The FS05_2 disk luckily looked quite complete:
FS05_2-flat.vmdk (20G) FS05_2.vmdk (399 bytes) FS05_2-000001-delta.vmdk (32M ) FS05_2-000001.vmdk (221 bytes) FS05_2-000002-delta.vmdk (16M ) FS05_2-000002.vmdk (228 bytes)
About CID’s and ParentCIDs’
The descriptor vmdk file normally holds a CID and a ParentCID value, these values link the snapshots and flat vmdk together. Let’s look at the CID’s in the FS05_2 vmdk’s and how they point to each other. In red you see the file name of the vmdk descriptor file.

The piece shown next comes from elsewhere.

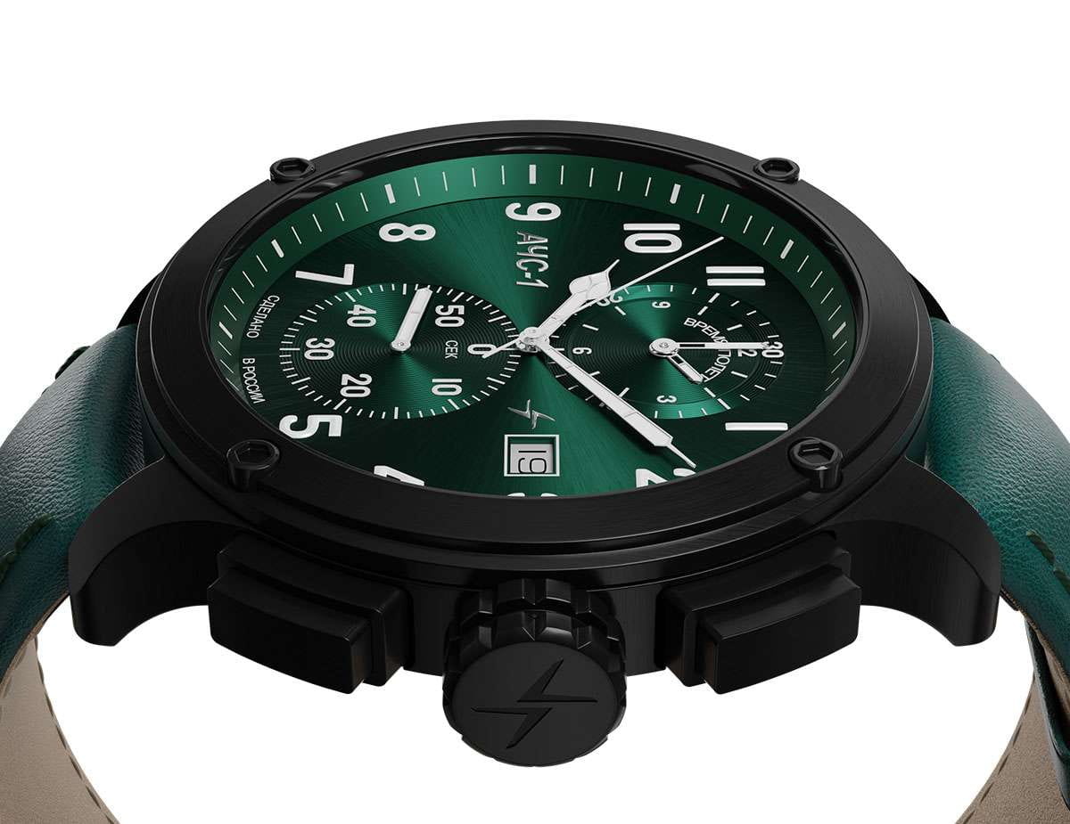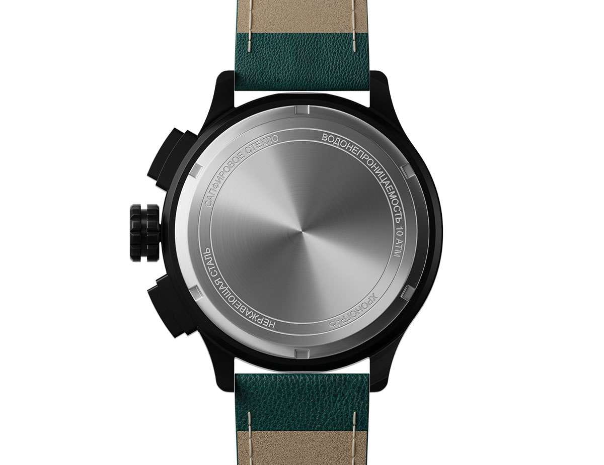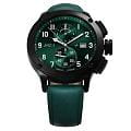 Мужские кварцевые часы — это стильный и функциональный аксессуар с хронографом. Корпус диаметром 44 мм выполнен из нержавеющей стали 316L с IP-покрытиемIP-покрытиеМетод ионного напыления. Демонстрирует повышенную устойчивость к истиранию, окислению и химическим веществам. Под воздействием высокого давления и температуры около 1500°C молекулы металла надёжно соединяются с частицами корпуса часов., включая безельБезельВнешний ободок, закрепляющий стекло. В спортивных часах так называется поворотное кольцо с делениями на циферблате, выполняет роль таймера – замеряет отрезки времени на шкале. Неподвижный безель – элемент декора. Однонаправленно вращающийся безель на дайверских часах позволяет фиксировать моменты погружения и выныривания на поверхность., кнопки и заводную головку. Циферблат зелёного цвета оформлен индексами и стрелками. Стрелки и метки с люминесцентным покрытиемЛюминесцентное покрытиеПозволяет считывать показания времени в темноте. Производители наносят на стрелки, часовые индексы, безель или поверхность циферблата светонакопительный состав, дающий холодное свечение. Super-LumiNova, обеспечивающим хорошую читаемость в темноте. Циферблат защищён сапфировым стекломСапфировое стеклоПрочный и надёжный материал из кристалла сапфира синтетического происхождения, характеризующийся особой твёрдостью и устойчивостью к царапинам и повреждениям.. Механизм — швейцарский кварцевый калибр Ronda 3520.D с функциями хронографаХронографФункция позволяет измерять отрезки времени с особой точностью: часы, минуты, секунды. Верным признаком хронографа является наличие на циферблате 3 дополнительных окошек-счётчиков. и секундомераСекундомерСекундоме́р — прибор, способный измерять интервалы времени с точностью до долей секунды.. Часы оснащены кожаным ремешком зелёного цвета с классической пряжкой. Водонепроницаемость 100 м позволяет использовать часы для плавания и повседневного ношения. Идеальный выбор для тех, кто ценит точность, качество и выразительный дизайн.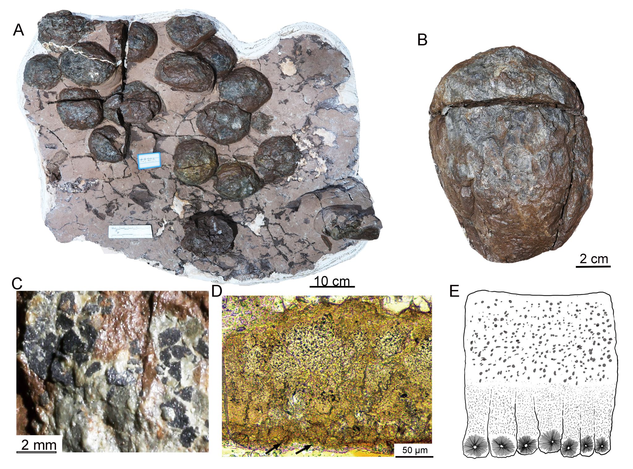 图2. 守护黔龙的蛋窝和蛋壳结构. A. 清理后的恐龙蛋窝; B. 一枚保存较完整的黔龙蛋; C. 蛋壳碎片; 蛋壳显微结构(D)和素描图(E)

Important is the pointer to the parentCID and the parentFileNameHint. In file FS05_2-000001.vmdk you see how the parentCID from the 000002 file matches the CID from the 000001 file. The last file to look at is the FS05_2.vmdk file. Since this is the vmdk file that describes the –flat.vmdk it holds some more info on the disk geometry of the vmdk, but this info is not important to us now. Again we only use the CID lines. You’ll notice the parentCID value is ffffffff. In all vmdk files that are related to the –flat vmdk I found the parentCID value being ffffffff, but I don’t know if this is required. Again we see that the value of parentCID of the 000001 matches the CID of the FS05_2.vmdk. This snapshot chain is OK. The FS05_2 files have been checked and confirmed that the chain is correct. Next step is to reconstruct the chain for the FS05_1 vmdks.
Reconstructing the vmdk
This actually is rather simple. Since we’re missing the FS05_1-000002.vmdk we can just copy the FS05_1-000001.vmdk and edit it to hold the right entries. Be aware that there are some other entries too in the FS05_1-000001.vmdk file and we need them, so a real full copy is needed of the descriptor. Below is the content of the FS05_1-000001.vmdk:
# Disk DescriptorFile version=1 CID=79cda434 parentCID=7cec9dae createType="vmfsSparse" parentFileNameHint="FS05_1.vmdk" # Extent description RW 2147483648 VMFSSPARSE "FS05_1-000001-delta.vmdk" # The Disk Data Base #DDB
Now copy this to FS05_1-000002.vmdk and edit the lines I marked:
# Disk DescriptorFile version=1 CID=458dea24 <--- Just pick any number parentCID=79cda434 <--- make sure it links to the parent createType="vmfsSparse" parentFileNameHint="FS05_1-000001-delta.vmdk" <--- edit this # Extent description RW 2147483648 VMFSSPARSE "FS05_1-000002-delta.vmdk" <--- edit this # The Disk Data Base #DDB
The 458dea24 CID can be any number, you just make it up since it has no relation to the VMDK. This is what took a lot of time the first time I was playing with this. I thought I had to retrieve this info from the VMDK somehow, but from VMware Support I learned that this CID can be any number.
The last few steps
After the file has been edited, the chain of the vmdks is correct again. Now the last step is to get this thing up and running again. Remember that the vmsd file was also incorrect, but we can just delete the vmsd file, you did make a backup / copy? Next we remove the VM from the vCenter inventory and the re-add the VM. And as the last step take a new snapshot and then commit all snapshots. After the snapshot has been committed, check the VM settings to see if they are pointing to the correct parent files. If you’re confident that this is correct you’re done. Now power on the VM.